▶ [Work required] Repeat every line of the data exactly; no picture belongs in the copy.
Data provided: Begin
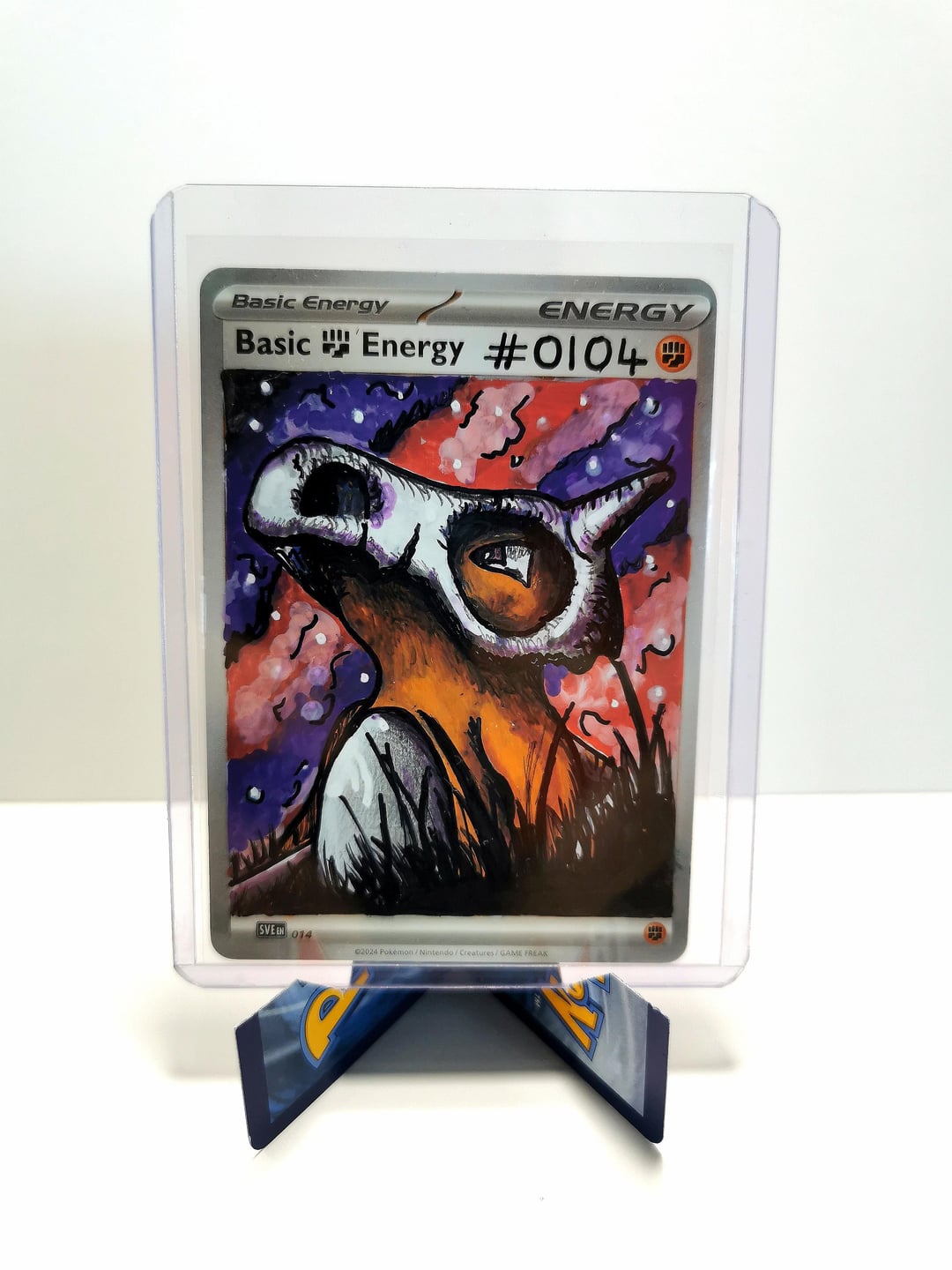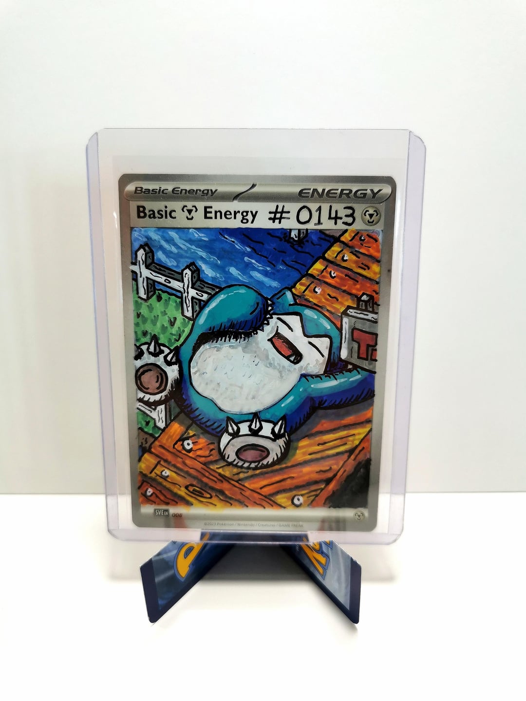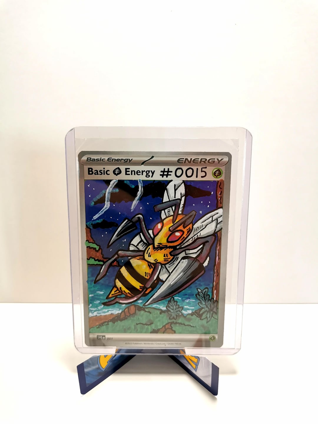 Each card is a one-off piece, drawn straight onto real energy cards, with full backgrounds to bring the scene to life.
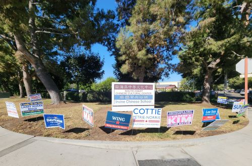 包括爾灣市長、市議員、學區等九合一選舉與加州提案表決即將在11月5日同時舉行,今年爾灣市長與市議員選舉因參選者眾,選情更加緊繃,而持續在推動中文教學和舉辦各項文化藝術相關課程的南海岸中華文化中心,因每天進出家長頻繁,意外成為各候選人兵家必爭之地,大門外圍出現插滿候選人宣傳看板的熱鬧景象。
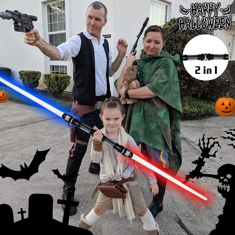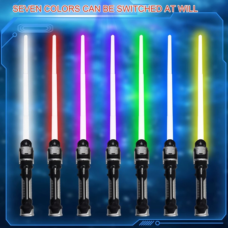 - LED light saber: you will receive 2 lightsabers, 2 in 1 lightsaber for children, you can sew the two swords together, RGB lightsaber can output 7 different colours (with sound, can be switched off), retractable, the total length of the opening is 65 cm, which is easy to store and has a strong sense of use.
Data provided: End
▶ [Output for this exercise]
 Each card is a one-off piece, drawn straight onto real energy cards, with full backgrounds to bring the scene to life.
 包括爾灣市長、市議員、學區等九合一選舉與加州提案表決即將在11月5日同時舉行,今年爾灣市長與市議員選舉因參選者眾,選情更加緊繃,而持續在推動中文教學和舉辦各項文化藝術相關課程的南海岸中華文化中心,因每天進出家長頻繁,意外成為各候選人兵家必爭之地,大門外圍出現插滿候選人宣傳看板的熱鬧景象。
 - LED light saber: you will receive 2 lightsabers, 2 in 1 lightsaber for children, you can sew the two swords together, RGB lightsaber can output 7 different colours (with sound, can be switched off), retractable, the total length of the opening is 65 cm, which is easy to store and has a strong sense of use.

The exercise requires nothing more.